So, do you think I was able to keep my promise to myself? That I stuck to my plan to ignore the city's museums, that I didn't walk around to see the sights? Did I just sit on my ass and EAT?

I tried. I pulled my chair on to our tiny balcony at Hotel Nueva Antequera, a lovely colonial building right off the best plaza in town - Plaza Zocalo - propped up my feet, and sipped my cup of coffee while I watched people.


At 9 a.m. I'm in a sundress. It's that warm. Not so for the locals - they're all in ski jackets and jeans. How can that be?


A blind man navigated from the plaza with his stick, up our street, then did a u-turn, ending where he started. He reminded me of us. Lost, every minute of every day.


It's strange coming from Orizaba where we were the only white people. Here, there are tons. Young ones with backpacks, their eyes trying to see everything at once. I wonder if they're blown away with what they're seeing like I'd been on my first trip. I hope so. First trips are magical. Then there are the middle aged ones, like Aaron and I, a bit more jaded looking. No, damn, we're NOT middle aged anymore. We're frickin' SENIORS now! Though I don't know how the heck we became part of this grey-haired, waddling group that passes below. So quickly? It's crap, that's what that is!


No, old people can be beautiful. I watched an old indigenous couple cross the street, each as short as the other. He wore a felt hat over his still-black hair and carried a homespun bag over his shoulder. She was dressed in traditional clothes that, I'm sure, her great, great grandmother wore hundreds of years ago. A turquoise dress and a purple apron with a thousand pleats, puffed sleeves from which her strong brown arms emerged, thick feet encased in sturdy black shoes, and an impressively long, grey braid down her back.

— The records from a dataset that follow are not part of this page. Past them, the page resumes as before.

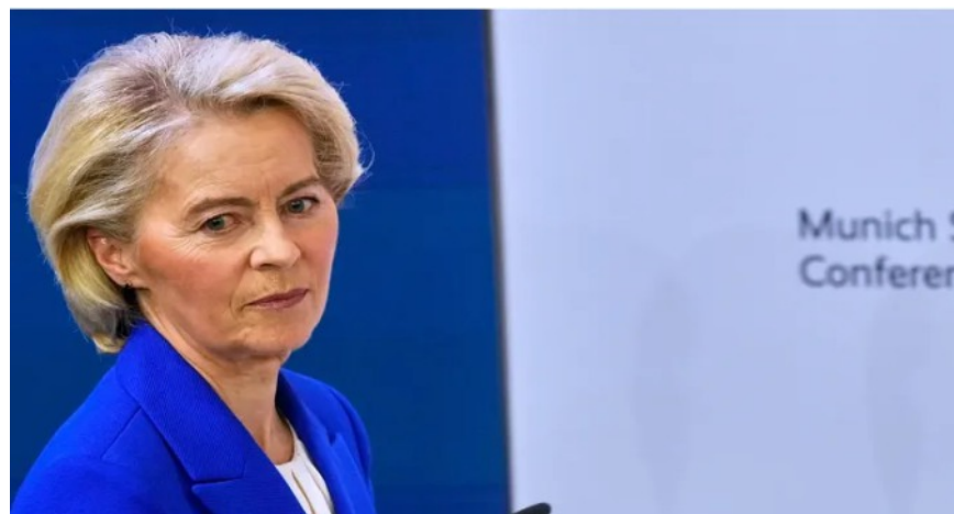
Chủ tịch Ủy ban châu Âu Ursula von der Leyen

Bài đăng trên X của bà von der Leyern dường như báo hiệu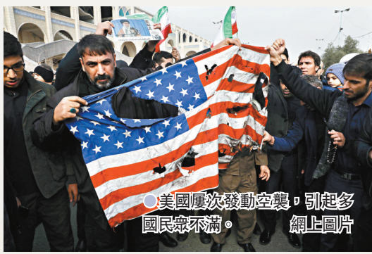
美國屢次發動空襲，引起多國民眾不滿。

此外，伊拉克曾遭受國際制裁多年，加上美軍入侵後戰火頻仍，完全扼殺伊拉克的發展空間，當地年輕人也錯失與世界交流的機會。若非美國的所作所為，伊拉克的政治、經濟及社會或有更好的前景。 ●綜合報導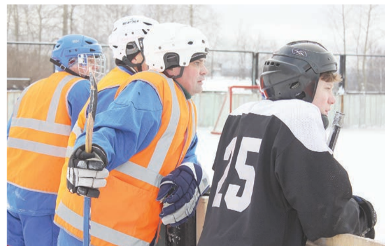
Болельщиков было немного, в основном, болели отдыхающие игроки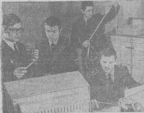
КАЗАХСКАЯ ССР. В городе Актюбинске открылось высшее летное училище гражданской авиации. На первый курс принято свыше трехсот курсантов. Будущие инженеры-пилоты изучают высшую математику, механику, физику, аэронауку и целый ряд других предметов.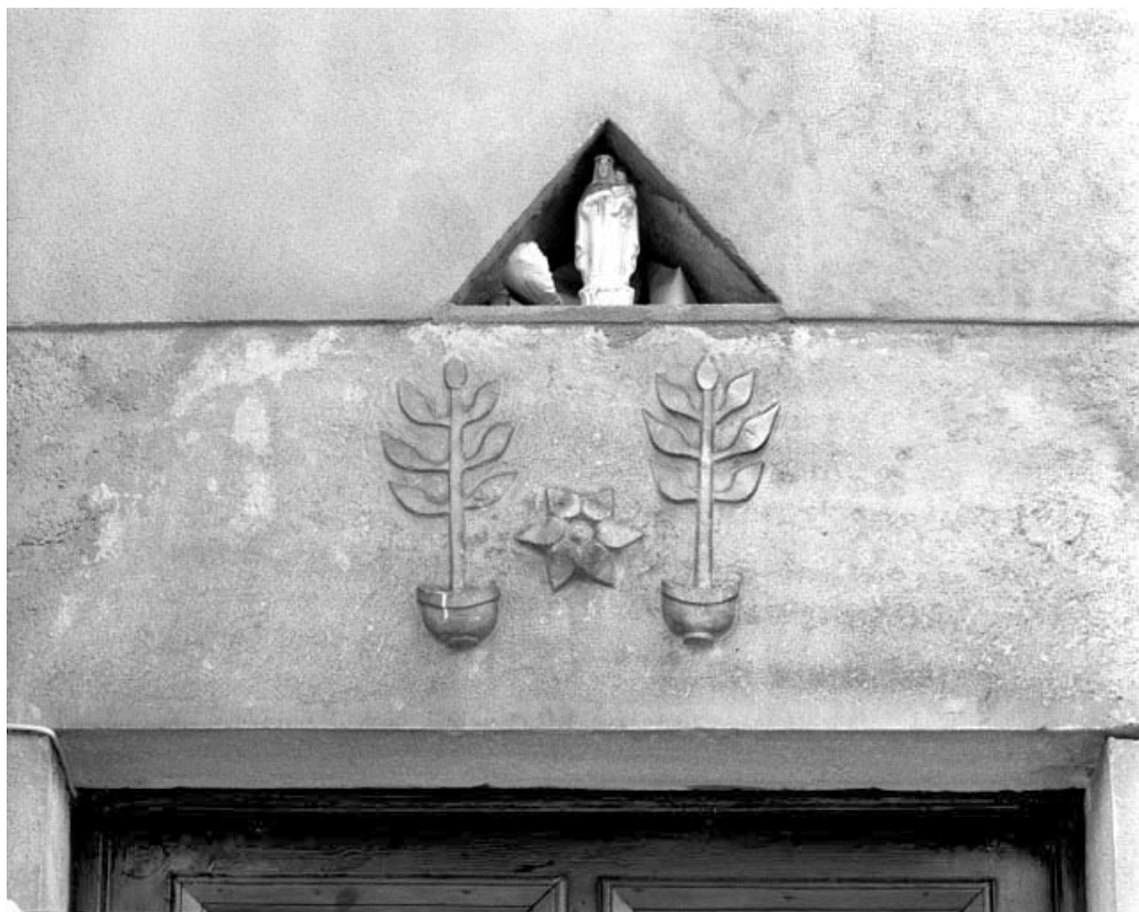
Viry, ferme : linteau décoré.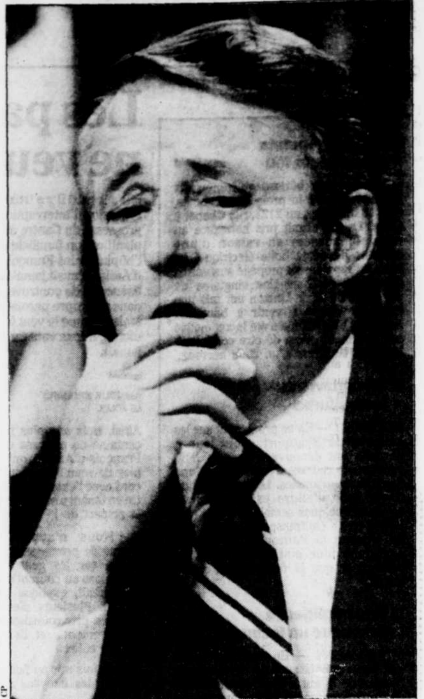
Les trois quarts des Québécois sont insatisfaits du gouvernement de Brian Mulroney.

Le président de la CSN trouve qu'il y a un problème de démocratie lorsque l'État joue ainsi un rôle de législateur pour se satisfaire comme employeur.

I love this picture. Though I stole it, snapping a shot from a photo in a gallery I visited. It captured the beautiful old indian women who sat on corners throughout the city selling their homespun wares.

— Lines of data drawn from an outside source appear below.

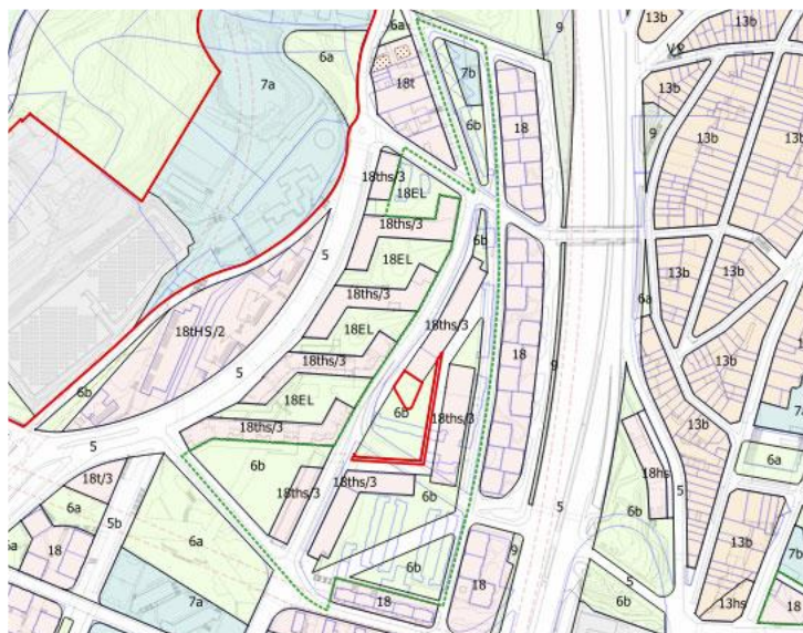
Imatge 1: puntejat en verd, perímetre de l'àrea d'intervenció del PERI de la Trinitat Nova (UA 3)

Complementàriament, s'espera que el servei també sigui d'utilitat per als professionals que treballen a la Trinitat Nova, molt especialment els dels equipaments i serveis de caire comunitari, de manera que els faciliti l'enxarxament en el desenvolupament de la seva activitat professional. A més, també caldrà implicar equipaments, serveis, entitats, grups més o menys formals i fins i tot veïnes a títol individual en la construcció i el desenvolupament de les accions d'acollida, mitjançant la creació dels espais de treball i seguiment necessaris i específics.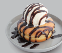
チョコレートアイスドーナツ CHOCOLATE ICE CREAM DONUTS 600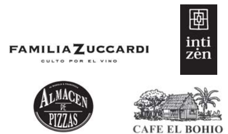
Empresas que agasajaron a los presentes con la experiencia gourmet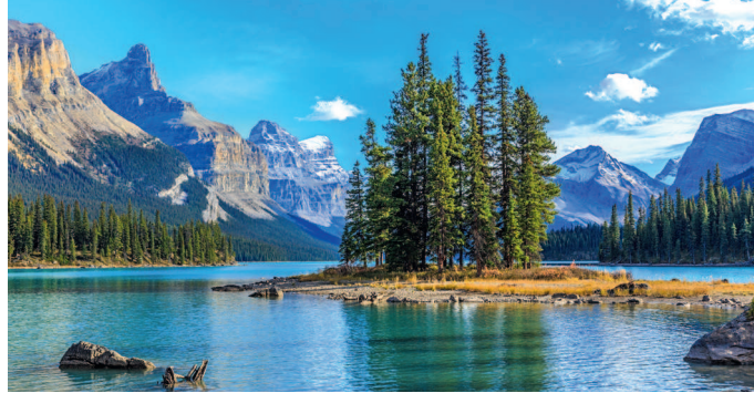
↑ Канада. Национальный парк Банф

Every night, Plaza Zocalo lured us out of our hotel. So fun and colourful, filled with shoe shiners polishing boots, and vendors selling cotton candy and balloons, the latter surrounded by clamoring kids and parents digging in their pockets.


I called over a tiny indigenous mama with her even tinier daughter, both in identical outfits. Can I see your shawls, I asked? I bought one with deep reds and oranges, interwoven with golden threads. The crow in me couldn't withstand the shiny thing. Beautiful. For 120 pesos ($8). Wish I'd bought more.



A young blind woman at the corner of the plaza, sang pretty but off-tune melodies. People passed and dropped coins in her cup. A five-man band climbed on to the gazebo in the centre of the plaza and began tuning their guitars. Aaron and I hurriedly grabbed a couple chairs. For an hour, the men played intricate, traditional ballads. The crowd called out favourites and sang along when they were played.


I glanced at the young blind woman, now drowned out by the band. How would she fill her plastic cup tonight, I wondered?


Oaxaca is filled with both beauty and ugliness. The wide boulevards, the towering cathedrals, galleries upon galleries with spectacular art.


So much gorgeous art I can't buy. Some that makes me laugh hysterically.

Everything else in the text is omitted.